<<<<
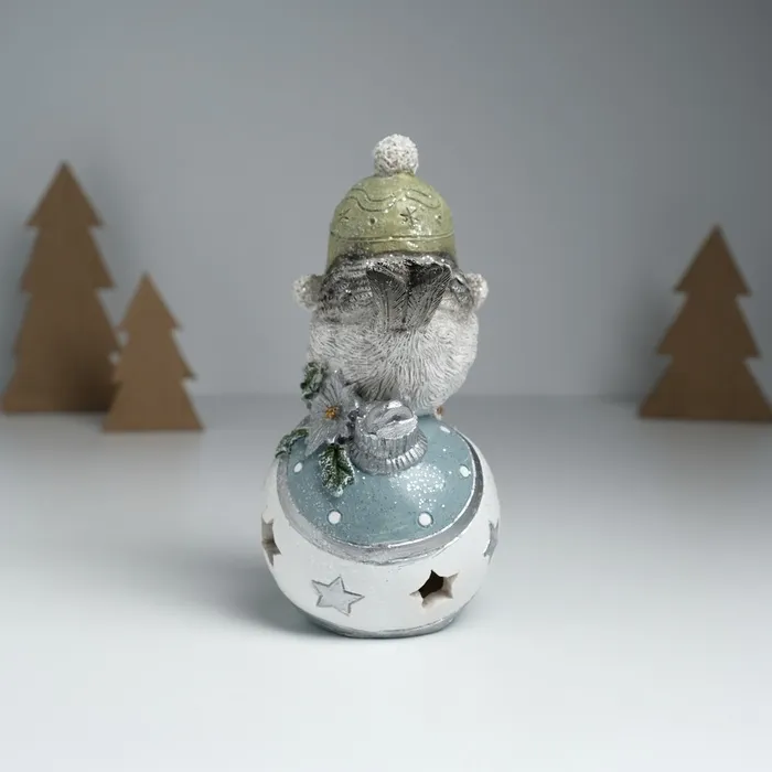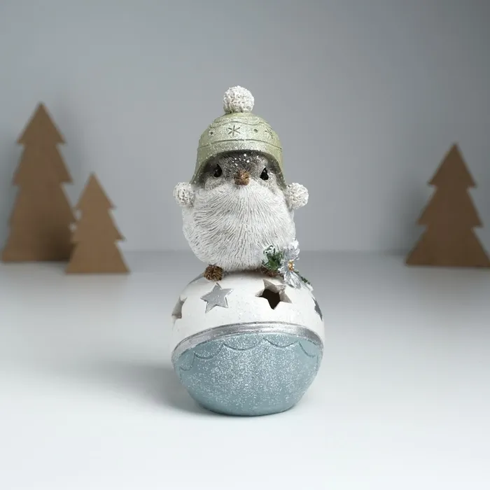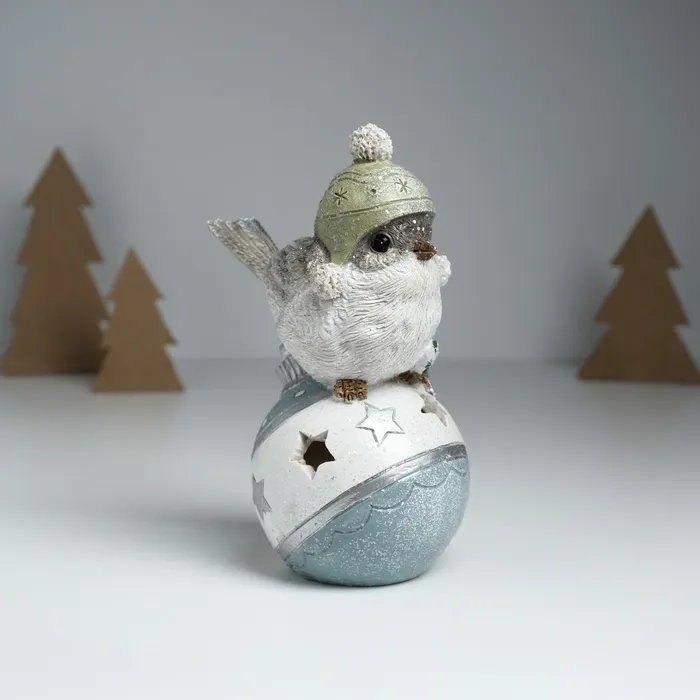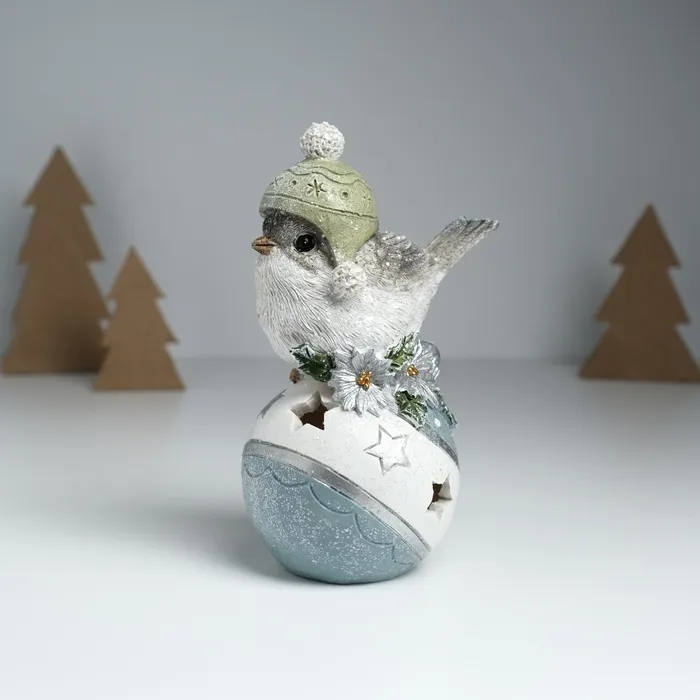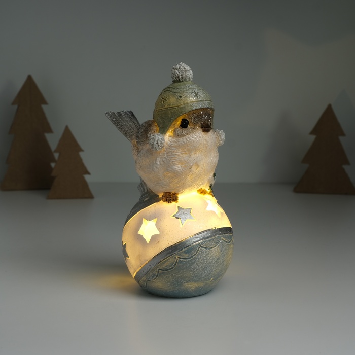 Фигурка светящаяся «Воробышек в шапке сидит на новогоднем шарике», серый, 7.6×9.5×15 см — Характеристики
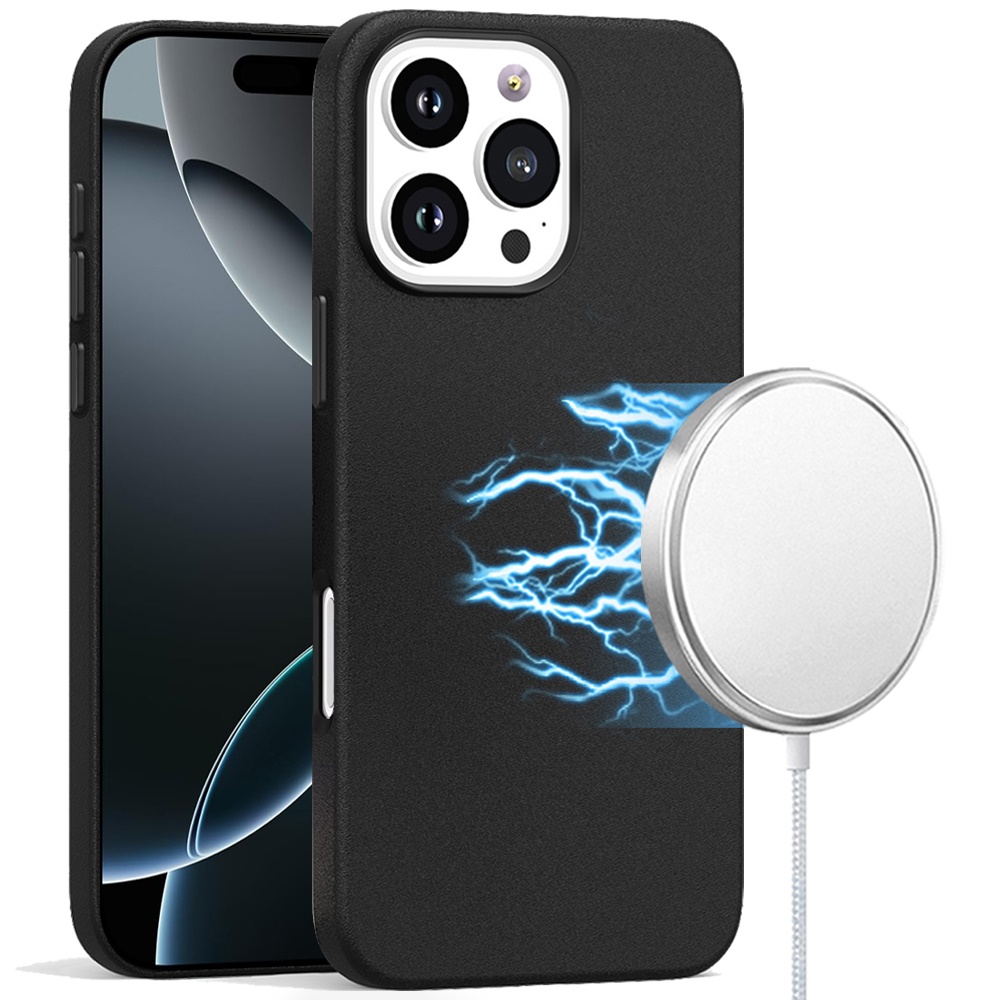 For iPhone 16 Pro 6.3 inch PU Leather with inner [Magnetic Circle] Colored Metal Buttons - Black
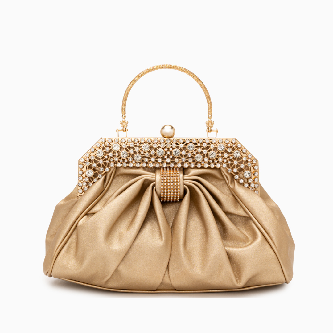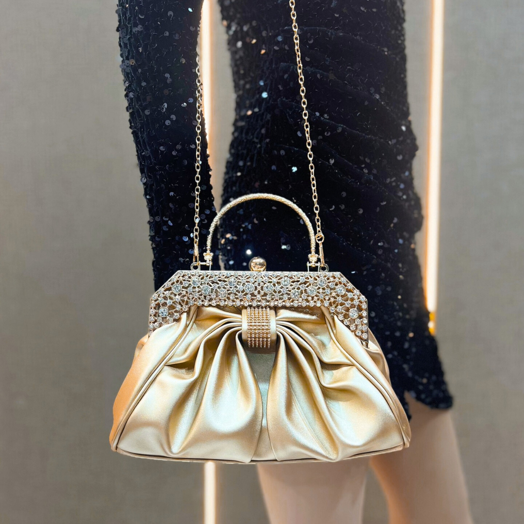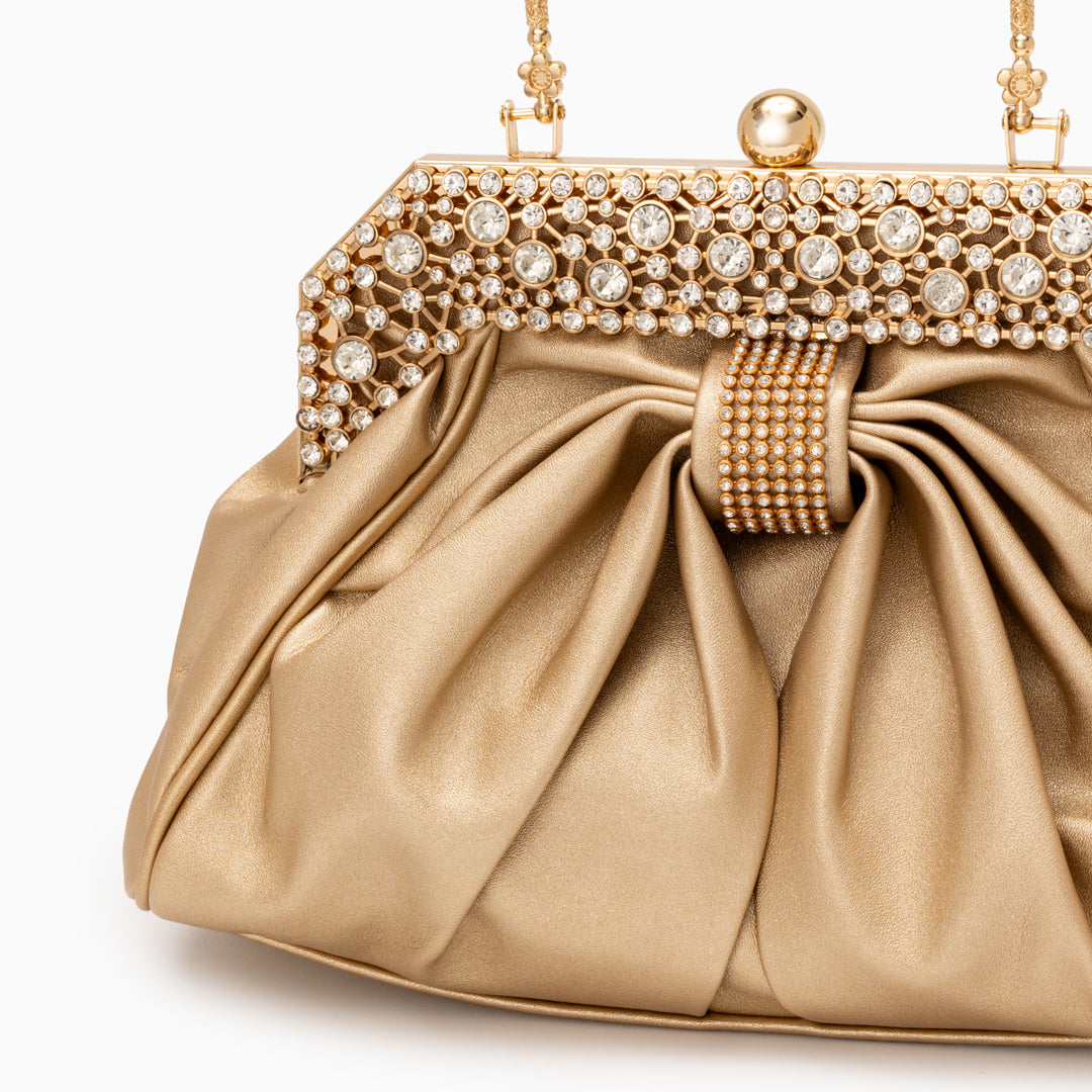 Timeless with a touch of modern drama, the Cagliari Embellished Frame Bag elevates your evening edit with ease. Its softly gathered silhouette is balanced by a sculpted metal frame adorned in delicate florals and sparkling crystal accents. The gold finish adds a refined contrast, while the rhinestone-encrusted top lends vintage charm. Whether held by hand or styled with a chain, this piece delivers statement style in every setting. Ideal for soirées, formal dinners, or unforgettable nights out.
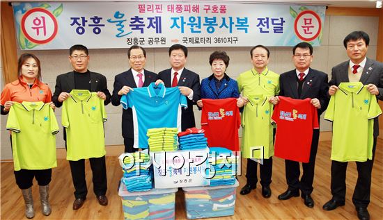 [아시아경제 노해섭 기자]장흥군은 지난 장흥 물 축제 때 매년 군 산하 공무원들에게 배부했던 '자원봉사자 옷 수집운동'을 펼쳐 1,500여벌을 국제로타리 3610지구(한솔로타리)에 전달했다. 이 옷은 태풍피해로 큰 어려움을 겪고 있는 필리핀 이재민 등에게 보내지게 되며 '유니세프 협력도시'인 장흥군은 매년 물 축제 체험료 전액을 세계 물 기근 국가 식수개선 사업을 위해 유니세프에 기탁 해오고 있다. 한편, 장흥 물 축제는 소재의 독창성, 발전성 등에서 축제 전문가들로 부터 좋은 평가를 받아 문화체육관광부 선정 '2014 대한민국 문화관광 유망축제'에 2년 연속 영예를 안았으며, 소비자가 뽑은 올해의 브랜드대상에는 6년 연속 선정되기도 했다. 장흥 물 축제는 매년 7월말부터 8월초에 장흥읍 탐진강 및 편백숲 우드랜드 일원에서 “물과 숲 - 休”을 주제로 7일간 개최된다. 노해섭 기자 nogary@<ⓒ세계를 보는 창 경제를 보는 눈, 아시아경제(www.asiae.co.kr) 무단전재 배포금지>
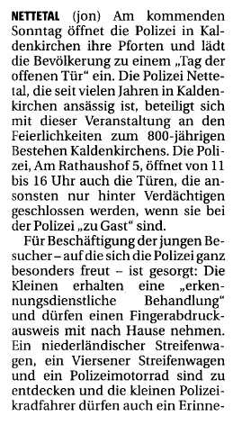 - JUBILÄUMSJAHR 2006 IN KALDENKIRCHEN - "Tag der offenen Tür" bei der Polizei
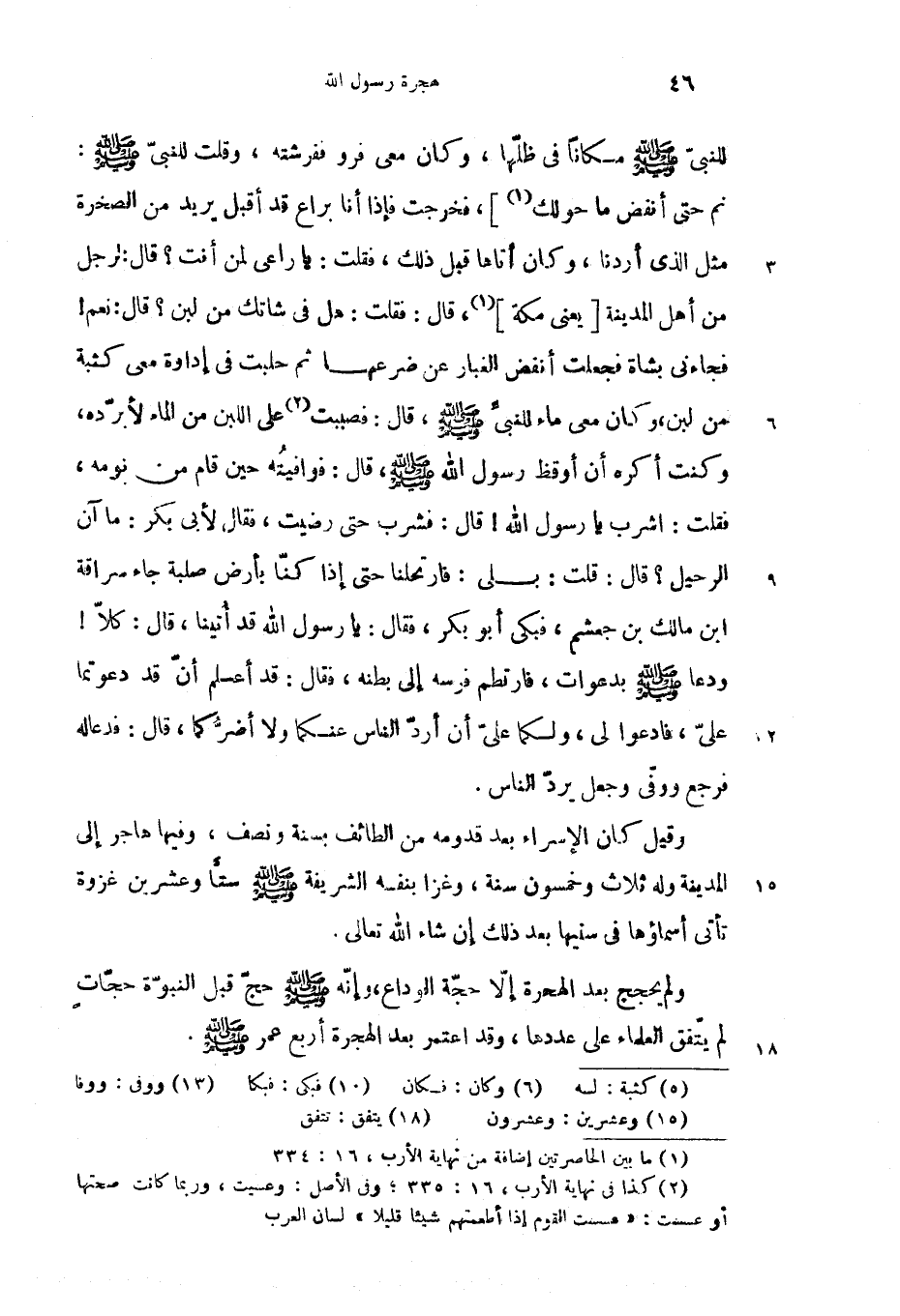 نم حتى أنفض ما حولك (1)]، فخرجت فإذا أنا براع قد أقبل يريد من الصخرة مثل الذى أردنا، وكان أتاها قبل ذلك، فقلت: يا راعى لمن أنت؟ قال: لرجل من أهل المدينة [يعنى مكة] (1)، قال: فقلت: هل فى شاتك من لبن؟ قال: نعم! فجاءنى بشاة فجعلت أنفض الغبار عن ضرعها ثم حلبت فى إداوة معى كثبة من لبن، وكان معى ماء للنبىّ صلّى الله عليه وسلم، قال: فصببت (2) على اللبن من الماء لأبرّده، وكنت أكره أن أوقظ رسول الله صلّى الله عليه وسلم، قال: فوافيته حين قام من نومه، فقلت: اشرب يا رسول الله! قال: فشرب حتى رضيت، فقال لأبى بكر: ما آن الرحيل؟ قال: قلت: بلى: فارتحلنا حتى إذا كنّا بأرض صلبة جاء سراقة ابن مالك بن جعشم، فبكى أبو بكر، فقال: يا رسول الله قد أتينا، قال: كلاّ! ودعا صلّى الله عليه وسلم بدعوات، فارتطم فرسه إلى بطنه، فقال: قد أعلم أنّ قد دعوتما علىّ، فادعوا لى، ولكما علىّ أن أردّ الناس عنكما ولا أضرّكما، قال: فدعا له فرجع ووفّى وجعل يردّ الناس.
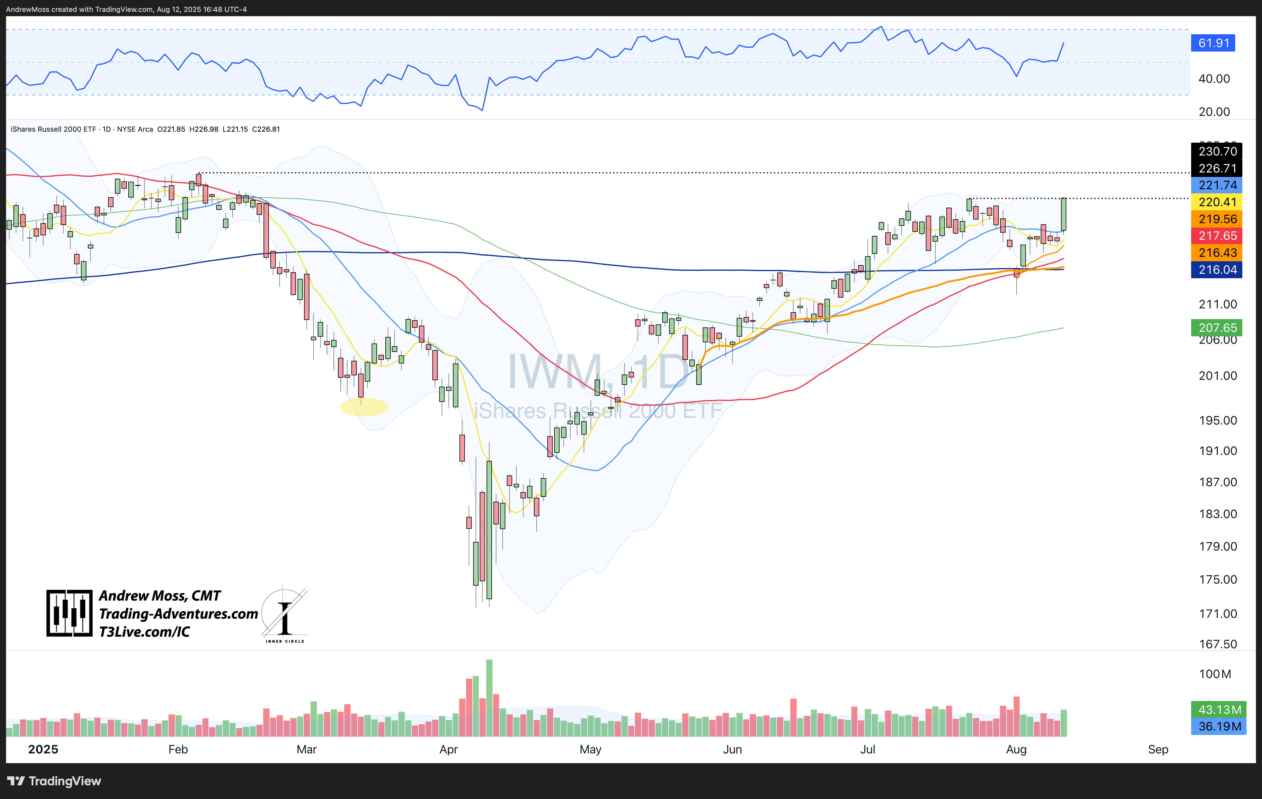 The Dow held firm, small caps extended their rebound, and big tech stayed strong with AAPL pushing toward its $231 pivot and TSLA finding support on the morning dip.
>>>>
### Problem description
Exclude every picture, then return precisely the lines that run from the line containing "- JUBILÄUMSJAHR 2006" through the end of the entries above.

### Written answer
 - JUBILÄUMSJAHR 2006 IN KALDENKIRCHEN - "Tag der offenen Tür" bei der Polizei
 نم حتى أنفض ما حولك (1)]، فخرجت فإذا أنا براع قد أقبل يريد من الصخرة مثل الذى أردنا، وكان أتاها قبل ذلك، فقلت: يا راعى لمن أنت؟ قال: لرجل من أهل المدينة [يعنى مكة] (1)، قال: فقلت: هل فى شاتك من لبن؟ قال: نعم! فجاءنى بشاة فجعلت أنفض الغبار عن ضرعها ثم حلبت فى إداوة معى كثبة من لبن، وكان معى ماء للنبىّ صلّى الله عليه وسلم، قال: فصببت (2) على اللبن من الماء لأبرّده، وكنت أكره أن أوقظ رسول الله صلّى الله عليه وسلم، قال: فوافيته حين قام من نومه، فقلت: اشرب يا رسول الله! قال: فشرب حتى رضيت، فقال لأبى بكر: ما آن الرحيل؟ قال: قلت: بلى: فارتحلنا حتى إذا كنّا بأرض صلبة جاء سراقة ابن مالك بن جعشم، فبكى أبو بكر، فقال: يا رسول الله قد أتينا، قال: كلاّ! ودعا صلّى الله عليه وسلم بدعوات، فارتطم فرسه إلى بطنه، فقال: قد أعلم أنّ قد دعوتما علىّ، فادعوا لى، ولكما علىّ أن أردّ الناس عنكما ولا أضرّكما، قال: فدعا له فرجع ووفّى وجعل يردّ الناس.
 The Dow held firm, small caps extended their rebound, and big tech stayed strong with AAPL pushing toward its $231 pivot and TSLA finding support on the morning dip.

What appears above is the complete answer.